*** Opening of Data provided ***

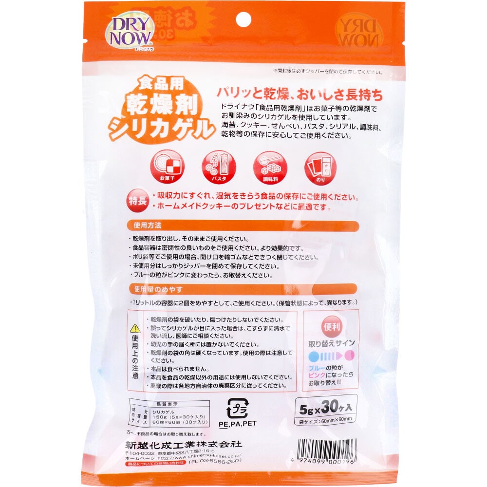 新越化成工業 ドライナウ 食品用乾燥剤 シリカゲル お徳用 5g×30ヶ入 1袋(ご注文単位1袋)【直送品】
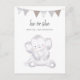 Modernes Design mit einem Babyelefanten mit grauem/brauner Fahne oben, auf dem "Er oder sie, was wird unsere Erdnuss sein?" steht. Auf der Rückseite sind unsere Einladung Vorlagen, Grün und Zauberstab mit sprudelnden Blasen.
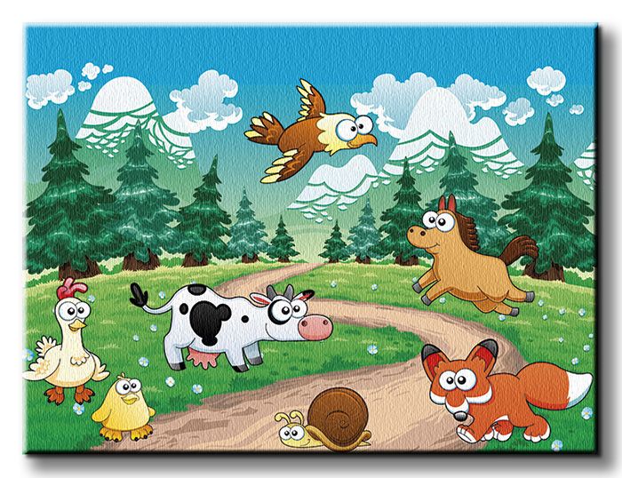 Lisek, konik i inne zwierzaki - Obraz na płótnie
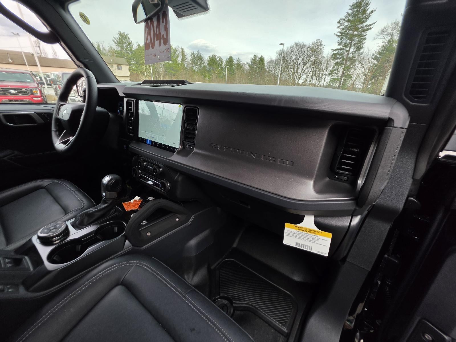 Finished in Shadow Black with durable black vinyl seating, this Bronco is heavily equipped with off-road upgrades including the Black Diamond and Sasquatch packages, making it an exceptional adventure-ready SUV.
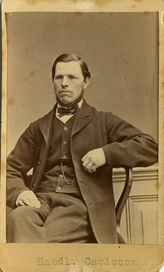 Text på kortets baksida: "Handlanden Carlsson Västerlångg. No 204 Uddevalla. Ägde Carlsruhe en tid".

*** Close of Data provided ***

What you have to do: Copy each line of the records above exactly as written. Do not carry over any picture.

Solution for this exercise:
 新越化成工業 ドライナウ 食品用乾燥剤 シリカゲル お徳用 5g×30ヶ入 1袋(ご注文単位1袋)【直送品】
 Modernes Design mit einem Babyelefanten mit grauem/brauner Fahne oben, auf dem "Er oder sie, was wird unsere Erdnuss sein?" steht. Auf der Rückseite sind unsere Einladung Vorlagen, Grün und Zauberstab mit sprudelnden Blasen.
 Lisek, konik i inne zwierzaki - Obraz na płótnie
 Finished in Shadow Black with durable black vinyl seating, this Bronco is heavily equipped with off-road upgrades including the Black Diamond and Sasquatch packages, making it an exceptional adventure-ready SUV.
 Text på kortets baksida: "Handlanden Carlsson Västerlångg. No 204 Uddevalla. Ägde Carlsruhe en tid".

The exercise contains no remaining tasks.